FAST NEUTRON REACTOR (FNR) EARTHQUAKE PROTECTION

By Charles Rhodes, P.Eng., Ph.D.

INTRODUCTION:
Elsewhere on this website Fast Neutron Reactors (FNRs) have been identified as the primary source of energy for meeting mankind's future energy needs. This web page focuses on FNR features which prevent earthquake damage.
 

EARTHQUAKE OVERVIEW:
Severe earthquakes can cause short term horizontal oscillating ground accelerations of up to 3 g. In principle a FNR fuel assembly could be fabricated to be sufficiently robust to tolerate that acceleration. However, the amount of steel required to achieve that level of robustness would seriously reduce the FNR's fuel breeding performance. Instead the design approach taken herein is to design the FNR fuel bundles to resist normal handling stresses and to mount the fuel bundles on an inertial low friction fuel assembly such that if a severe earthquake occurs the fuel assembly stays almost stationary while the ground shakes underneath it.

The primary sodium pool walls and the intermediate heat exchangers are firmly connected to the ground and are intended to follow any earthquake vibration.
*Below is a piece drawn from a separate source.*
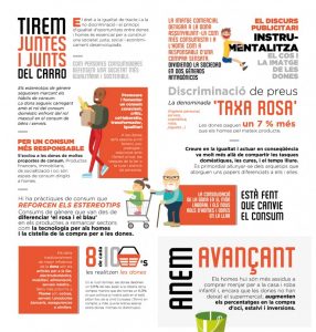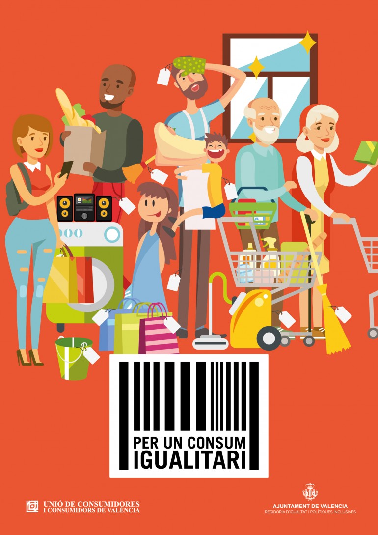 «Por un consumo igualitario» es una campaña que se desarrolla conjuntamente por la Unión de Consumidores de València y la Concejalía de Igualdad y Políticas inclusivas y se han elaborado 20.000 folletos informativos y carteles que se distribuirán en centros de mujeres, asociaciones de vecinos, mercados municipales y otros colectivos sociales de la ciudad de València.

The fuel assembly is inerial. During an earthquake the liquid sodium between the pool walls and the fuel assembly will slosh around to relieve stress.

The fuel assembly weighs almost 4000 tons. It rests on a layer of one inch diameter ball bearings that cover the entire primary sodium pool floor. That floor is made slightly bowled. The bottom plate of the open steel lattice which supports the fuel assembly has a matching bowl shape. That bottom plate must have sufficient flexibility to conform to the ball bearing surface contour when under load.

If 1 inch diameter ball bearings are used the required number of bearings is:
Pi (10 m)^2 / (.0254 m / inch)^2 = 486,947 inch^2
implying that about 486,947 one inch diameter steel ball bearings would be required. The cost of these bearing balls is close to $1 million.

During a severe earthquake the fuel assembly will likely slide off center in the sodium pool. The purpose of slightly bowling the bottom of the sodium pool is to cause gravity to naturally return the fuel assembly to pool center after the earthquake subsides.
 

BEARING FORCE
The bottom of the fuel assembly is a disk 14 m in diameter. The area of this disk is:
Pi (7 m)^2 / (0.0254 m / inch)^2 = 238,604 inch^2.

The weight of the fuel assembly is about:
4000 tonnes X 2200 lb / tonne = 8,800,000 lbs.

Hence on average the force born by each one inch diameter ball is:
8,800,000 lbs / 238,604 balls = 36.88 lb / ball

Thus the bottom plate of the open steel lattice is likely just a sheet of (3 / 8) inch steel. This steel sheet should be edge welded to slightly flex to distribute the load and to match the primary sodium pool bottom contour. The welds must be ground flush with the sheet steel surface. Around the bottom perimeter of the open steel lattice support plate there must be a (1 / 2) inch projecting rim to contain the ball bearings.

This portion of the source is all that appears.